The present NMR analyses have enabled us to propose the following ET mechanism from Cyt c to CcO. Structural changes in the N-terminal helices of Cyt c, stimulating dissociation of oxidized Cyt c from the complex as well as the constraints on Lys13 induced by binding of CcO to oxidized Cyt c, and suppressing reverse electron transfer, are expected to facilitate an “electron gating mechanism” for ET from Cyt c to CcO (or facilitating unidirectional ET). On the other hand, both the strong interaction of the C-terminal region of Cyt c with CcO and the size of the interaction area as estimated by the present NMR analyses are roughly independent of the oxidation state of Cyt c. These findings suggest that the overall affinity of oxidized Cyt c for CcO is lower than but fairly close to that of reduced Cyt c. Thus, oxidized Cyt c complexed with CcO appropriately suppresses binding of reduced Cyt c to slow down (or control) the rate of ET to CcO. The overall affinity difference is expected to be a critical characteristic which enables electron donation to CcO to be effectively coupled to energy transduction mediated by CcO.

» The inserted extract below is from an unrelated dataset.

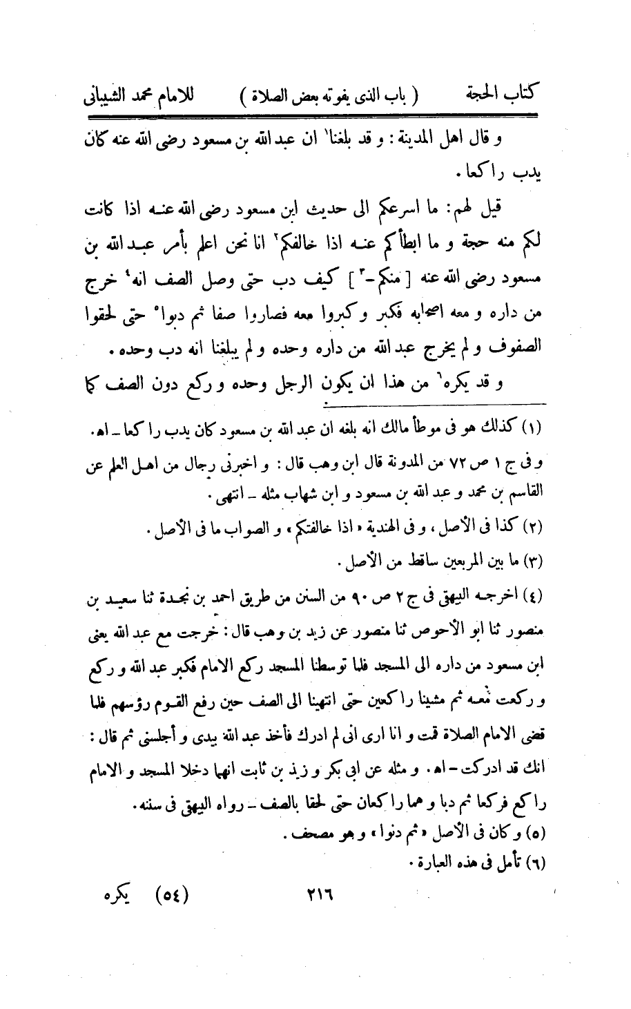 قيل لَهُم مَا اسرعكم الى حَدِيث ابْن مَسْعُود رَضِي الله عَنهُ اذا كَانَت لكم مِنْهُ حجَّة وَمَا ابطاكم عَنهُ اذا خالفكم انا نَحن اعْلَم بامر عبد الله بن مَسْعُود رَضِي الله عَنهُ (مِنْكُم) كَيفَ دب حَتَّى وصل الصَّفّ انه خرج من دَاره اصحابه فَكبر وَكَبرُوا مَعَه فصاروا صفا ثمَّ دبوا حَتَّى لَحِقُوا الصُّفُوف وَلم يخرج عبد الله من دَاره وَحده وَلم يبلغنَا انه دب وَحده

In summary, we have detected specific line broadening and chemical shift changes in the NMR signals of mammalian Cyt c associated with the formation of the ET complex with bovine CcO. Based on these chemical shift perturbations, we have nonempirically determined the interaction site for CcO on the Cyt c protein surface, and found that the interaction site consists of charged and hydrophobic amino acid residues. The hydrophobic interactions mediated by the hydrophobic heme periphery and adjacent hydrophobic amino acid residues are the dominant interactions that position the two redox centers in close proximity, while charged residues in the interaction site refine the orientation of Cyt c with respect to CcO. Furthermore, the redox-dependent changes in the Cyt c/CcO interactions shown in the present NMR analyses indicate that the ET reaction between Cyt c and CcO is gated by regulation of the affinity of Cyt c for CcO.

Materials and Methods

Construction of the Human Cyt c Expression System and Protein Preparation.

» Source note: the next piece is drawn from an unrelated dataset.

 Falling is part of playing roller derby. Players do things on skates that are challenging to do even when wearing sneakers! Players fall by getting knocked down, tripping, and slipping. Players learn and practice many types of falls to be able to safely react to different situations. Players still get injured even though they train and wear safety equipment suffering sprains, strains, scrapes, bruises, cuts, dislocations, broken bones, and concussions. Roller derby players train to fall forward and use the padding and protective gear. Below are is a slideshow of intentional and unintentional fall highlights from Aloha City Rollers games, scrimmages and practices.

A gene encoding human Cyt c was synthesized using a modified recursive PCR strategy. Both genes of human Cyt c and yeast Cyt c heme lyase, which form the thioether bonds necessary for the maturation of Cyt c in the host cell (32), were cloned into the pET-21 (+) vector using SacI and HindIII restriction sites. The protein expression and purification were performed according to previously published procedures (32). Purified protein with an R-value (= A₄₀₉/A₂₈₀) over 4.5 was collected to dissolve into 50 mM sodium phosphate buffer at pH 7.0 by centrifugal ultrafiltration.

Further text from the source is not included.